Le pire c’est que c’est faux à deux niveaux. C’est pas juste “faux” c’est “faux-faux”.
Le concept de faux-faux n’existe pas, je viens de l’inventer.
Élisabeth Kübler-Ross traitait du deuil face à sa propre mort
La psychiatre qui a proposé ce modèle dans un livre d’anecdotes n’avait pas pour objectif d’étudier le deuil. Elle a étudié la réaction des personnes atteintes d’une maladie en phase terminale.
Autrement dit, la réaction face à sa PROPRE mort.
Et c’est là qu’elle a observé les 5 étapes :
Déni.
Colère.
Marchandage.
Dépression.
Acceptation.
D’un coup ça paraît plus logique. Il est normal de commencer par le déni quand il s’agit de sa mort. Et j’arrive à imaginer ce que peut être l’acceptation de sa propre mort.
Mais en ce qui concerne la mort d’autrui, ce n’est pas systématique. D’ailleurs même le simple mot “acceptation” me semble d’une violence dingue quand on l’applique aux proches de la personne décédée plutôt qu’à sa propre mort.
Prétendre qu’on finit forcément par accepter la mort d’un·e proche est culpabilisant
Et c’est ça que je trouve dramatique dans cette légende urbaine. C’est qu’on finit par faire croire à des gens que c’est pas normal d’éprouver le manque toute sa vie.
On peut passer toute sa vie en douleur de la mort de quelqu’un qu’on aimait. Et c’est normal. Il n’y a rien de cassé chez toi si tu es dans ce cas. Chaque personne fait comme elle peut.
Une étude publiée en 1981 s’est attardée à 193 individus devenus veufs pour des périodes de temps variables. La conclusion : « le stress du veuvage persiste plusieurs années après la mort du conjoint; ces résultats ne confirment pas l’existence de phases d’adaptation distinctes. »
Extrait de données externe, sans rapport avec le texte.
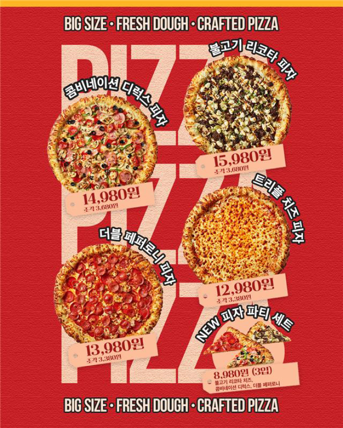 가장 높은 판매고를 기록한 제품은 ‘콤비네이션 디럭스 피자(1만 4980원)’로 누적 판매량 10만개를 넘겼다. 페퍼로니와 햄 등 4가지 고기 토핑에 양파, 양송이, 피망 등 채소를 풍성하게 더해 시각적 만족도와 식감을 동시에 강화한 점이 대중적 선호로 이어졌다. 이와 함께 불고기와 리코타 치즈를 강조한 ‘불고기 리코타 피자(1만 5980원)’, 두 가지 페퍼로니를 적용한 ‘더블 페퍼로니 피자(1만 3980원)’, 모짜렐라, 체다, 고다 치즈를 조합해 풍미를 높인 ‘트리플 치즈 피자(1만 2980원)’ 등도 1만원대 가격으로 즐길 수 있는 가족 먹거리로 자리를 잡는 분위기다.

Une recherche du psychologue américain George Bonnano publiée en 2002 s’est concentrée sur 205 individus avant et après la mort de leur époux. Leurs résultats ont démontré que seulement 11 % ont suivi une trajectoire de deuil présumée « normale ».
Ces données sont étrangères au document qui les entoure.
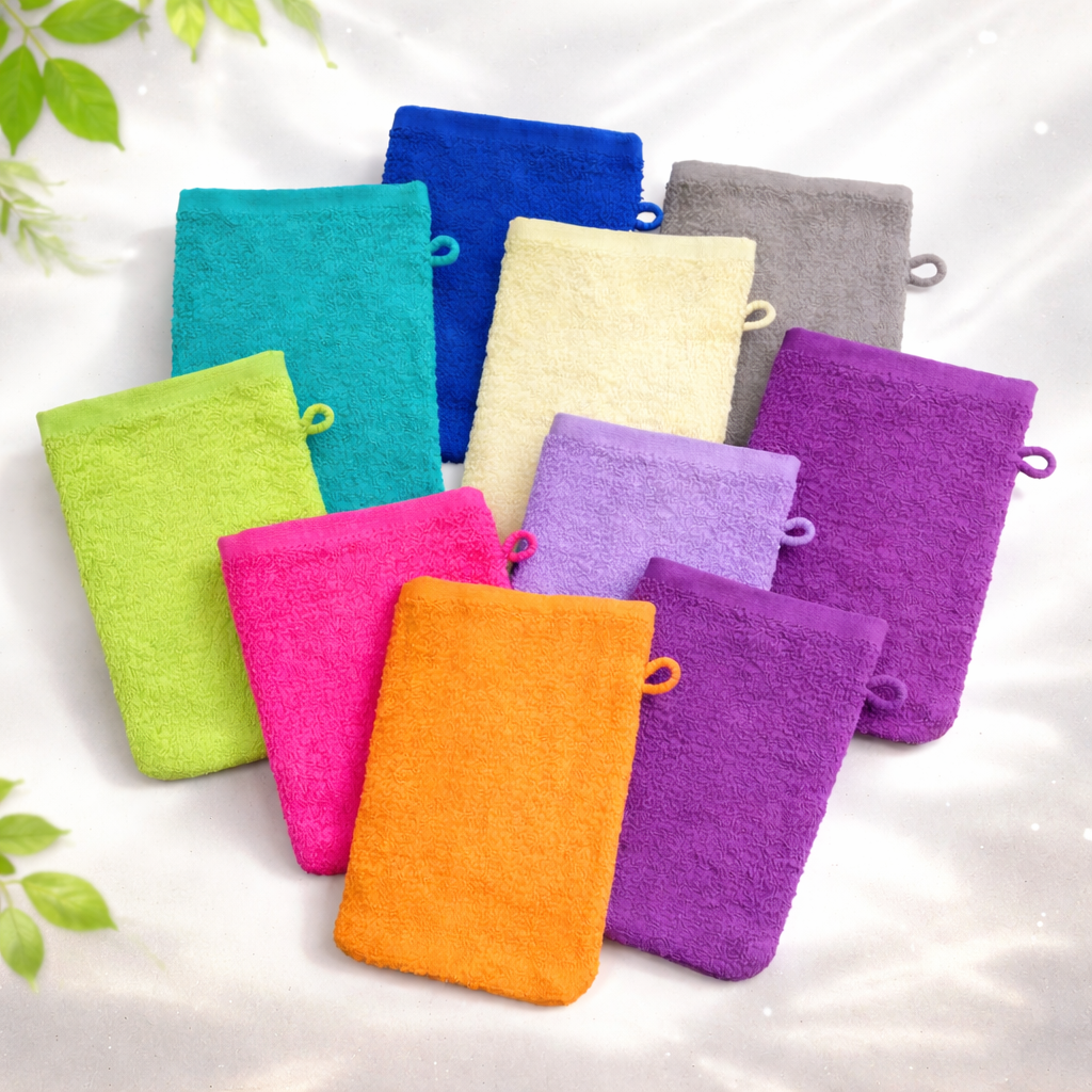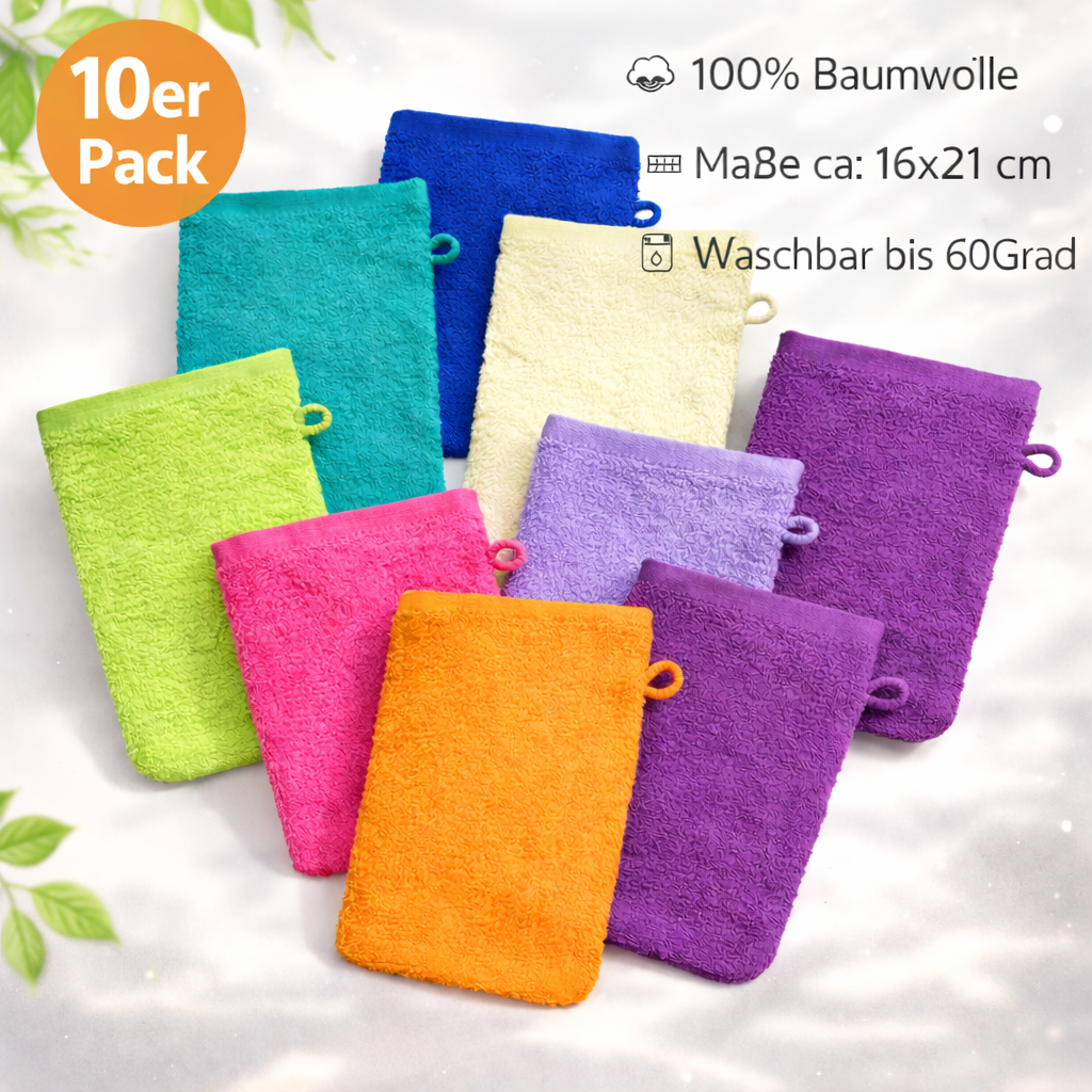 Produktinformationen "Waschhandschuh Frottier, 10 Stück sortiert, ca. 16x21cm, 100% Baumwolle, uni, einfarbig, Walk Frottee, Waschlappen"

A l’inverse, on peut aussi ne pas avoir de trauma particulier. S’en remettre très vite. Là encore il n’y a rien de cassé chez toi si tu es dans ce cas. Il n’y a pas 5 étapes à passer qui seraient universelles.
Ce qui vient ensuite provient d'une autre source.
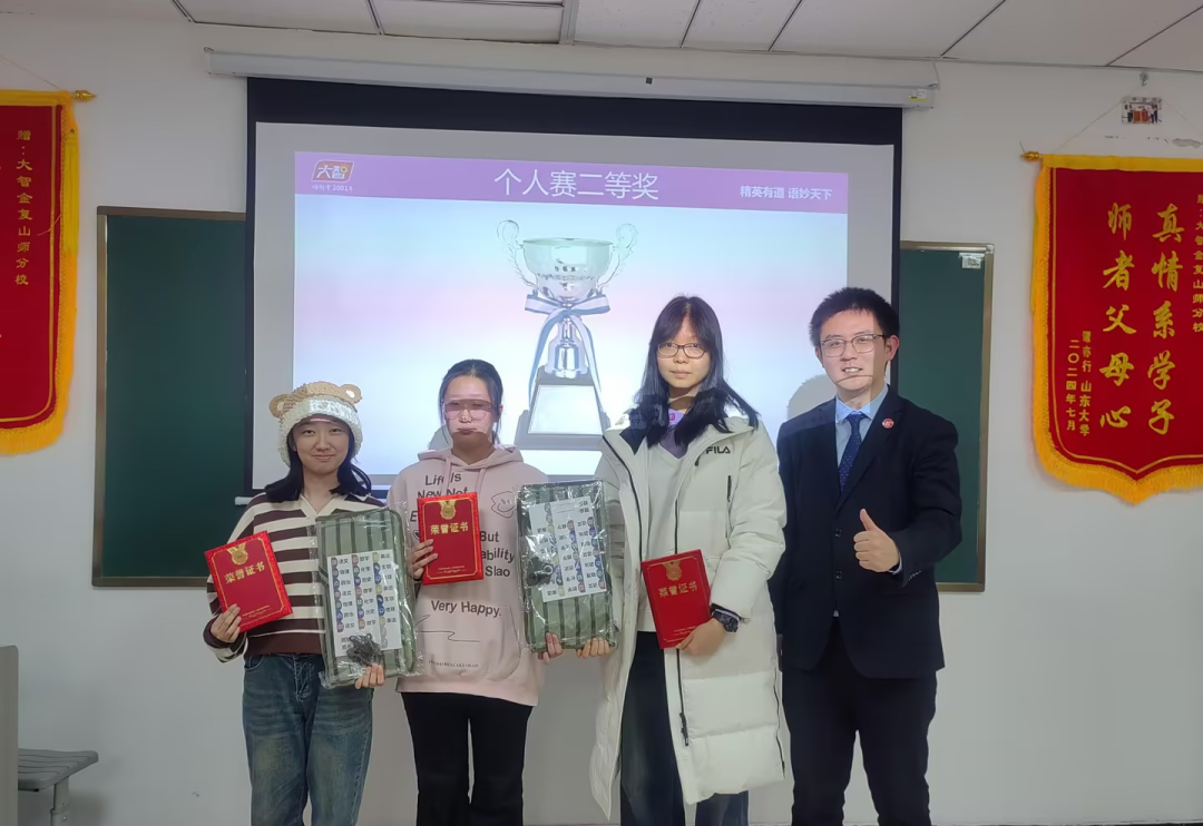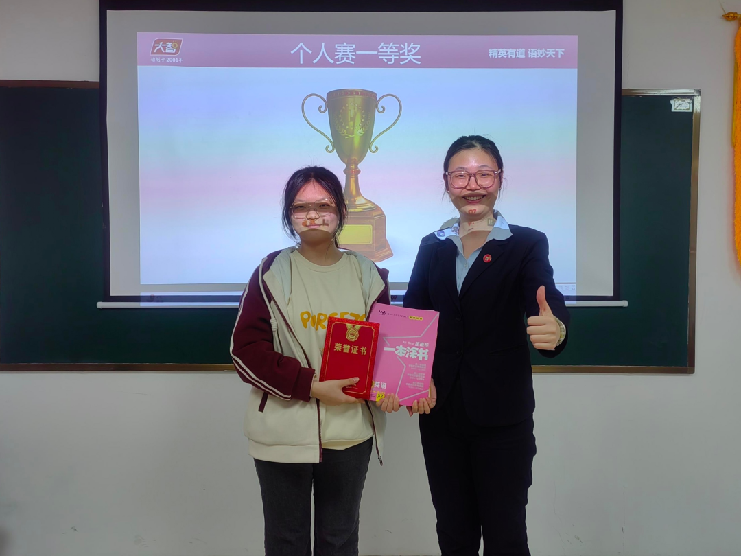 本屆“詞王爭(zhēng)霸賽聯(lián)賽”比賽過(guò)程緊張激烈,熱鬧非凡。個(gè)人賽有三關(guān),分別是“詞匯大風(fēng)車,我來(lái)?yè)尨鹬杂稍~匯和我來(lái)?yè)尨鹬畧?chǎng)景主題詞匯”三部分,考查學(xué)生們的詞匯熟練度,發(fā)音精準(zhǔn)度,用主題語(yǔ)境方法積累詞匯。團(tuán)隊(duì)賽有四關(guān),分別是“快速識(shí)詞、你劃我猜、合力拼詞和連詞造句”四部分,考查學(xué)生用正確運(yùn)用構(gòu)詞法積累詞匯,正確運(yùn)用詞匯表達(dá)觀點(diǎn)以及團(tuán)隊(duì)凝聚力。參賽選手們充分展示出了自身實(shí)力,團(tuán)隊(duì)凝聚力,積極活躍參與本次大賽,展示出來(lái)了英語(yǔ)的樂(lè)趣和魅力。經(jīng)過(guò)激烈角逐,9位選手分別榮獲本次個(gè)人賽一等獎(jiǎng)、二等獎(jiǎng)和三等獎(jiǎng)榮譽(yù)證書以及獎(jiǎng)品,三個(gè)團(tuán)隊(duì)分別獲得團(tuán)隊(duì)賽一等獎(jiǎng)、二等獎(jiǎng)和三等獎(jiǎng)的榮譽(yù)以及獎(jiǎng)品!

George Bonanno, professeur de psychologie clinique à l'Université Columbia, dans son livre The Other Side of Sadness: What the New Science of Bereavement Tells Us About Life After a Loss, cite une recherche sur des milliers de sujets pendant deux décennies qui conclut que la résilience psychologique naturelle est la composante principale du deuil et qu'il n'y a pas d'étapes à passer. Le travail de Bonanno démontre également que l'absence de symptômes de deuil ou de traumatisme est un résultat sain
Même sur sa propre mort, le modèle est incorrect
Voilà pourquoi je disais que c’est faux-faux, car on a même pas de certitude qu’il fonctionne en ce qui concerne sa propre mort. Notamment parce que les catégories sont arbitraires :
Parce que les étapes sont nées d'anecdotes et non de principes théoriques sous-jacents, elles contiennent une confusion conceptuelle. Par exemple, certaines étapes représentent des émotions tandis que d'autres représentent des processus cognitifs. En outre, il n'y a aucune justification pour des lignes de démarcation arbitraires entre les étapes.
Le danger de croire à ce modèle
Non seulement on peut avoir l’impression que quelque chose cloche chez soi car on ne passe pas par ces étapes, notamment l’acceptation.
Pire encore, il a imprégné les milieux de santé. Si bien que certains professionnels sont convaincus que pour accompagner les personnes en deuil il faut les aider à passer par ces étapes.
Ce qui crée du coup de l’incompréhension quand on constate que ce n’est pas le cas.
Pour aller plus loin
Pour écrire ça, je me suis reposé principalement sur la page Wikipedia du modèle (française et anglaise) mais surtout sur cet article qui décrit très précisément le problème :
https://www.scientifique-en-chef.gouv.qc.ca/impacts/ddr-5-etapes-du-deuil-faux/
Incroyable. J'y ai cru sans jamais remettre en question ni cherché à trouver la source scientifique.